The Portfolio Committee on Social Development met with representatives from the Department of Public Works (DPW) and the Department of Social Development (DSD) to discuss the causes of delay in securing suitable premises.

DPW said the Head Office of DSD is situated in the Human Science Research Council (HSRC) Building at 134 Pretorius Street, Pretoria. The premises are leased, and that the lease had expired on 30 April 2017. The DSD’s Independent Appeals Tribunal is housed in another lease facility, located at the Harlequins Office Park in Groenkloof, Pretoria.

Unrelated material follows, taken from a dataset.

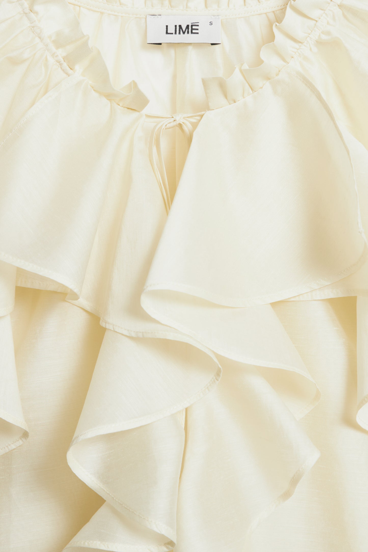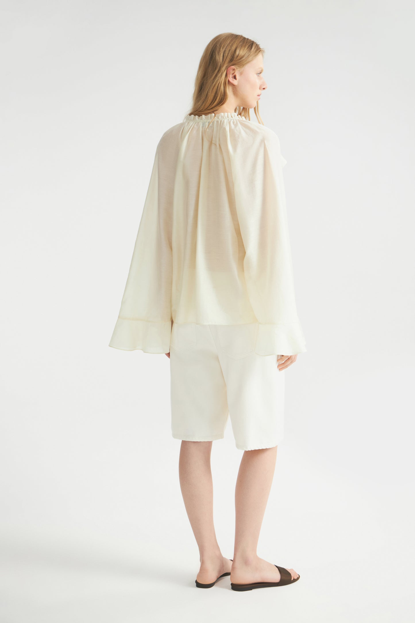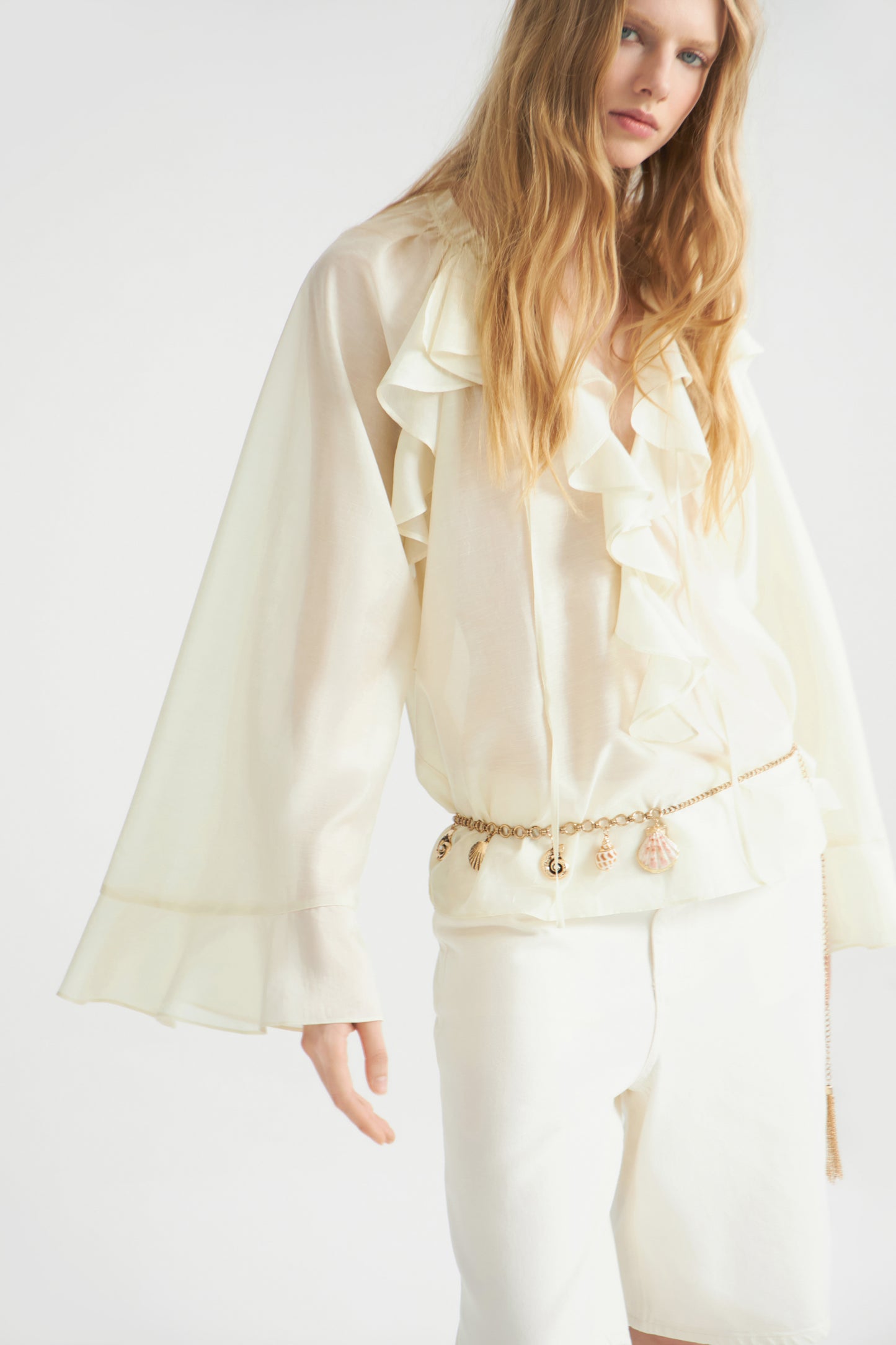 Blouse in an airy lyocell blend fabric. It features a V-neck and long sleeves. Accented by voluminous ruffles and narrow ties on the front.

Both leases were renegotiated with the landlord during the course of 2018. Resulting from these negotiations were lease options of a 3, 5 and 9 year, 11 months lease, respectively, which were presented to DSD. DPW and DSD are currently considering the viability of these short, medium and long-term options, bearing in mind the preference for a long-term solution.

Of the considerations taken into account, the rental costs applicable to these options are fairly reasonable for the Pretoria area. The consideration of the size of accommodation in the Pretoria area was decisive, as there were not many options that could cater to the needs of the DSD. The costs of relocating the DSD was considered to be around R2 000 per official and the costs related to IT infrastructure, which is covered to an extent by the landlord, in excess of which the DSD would have to cover.  Other factors considered, especially in terms of the long-term option, included the positioning of the building, traffic flow to and from the premises; as well as, security concerns.

Focussing specifically on the long term solution, DSD registered a Public Private Partnership (PPP), with National Treasury during February 2016. In terms of the long-term option, DPW assisted DSD with location options, preferring the Salvokop Precinct for a consolidated Head Office for the DSD, including the Independent Appeals Tribunal; the South African Social Security Agency (SASSA); and, the National Development Agency (NDA). This plan is in line with the DPW’s Inner-city Regeneration Programme.

The consolidated head-office option was considered in light of the medium term solution, which is the proposal of a 3 year lease. This would allow for the installation of, already acquired, IT infrastructure relevant to DSD; and, time to engage with National Treasury regarding the proposed long-term solution, she said.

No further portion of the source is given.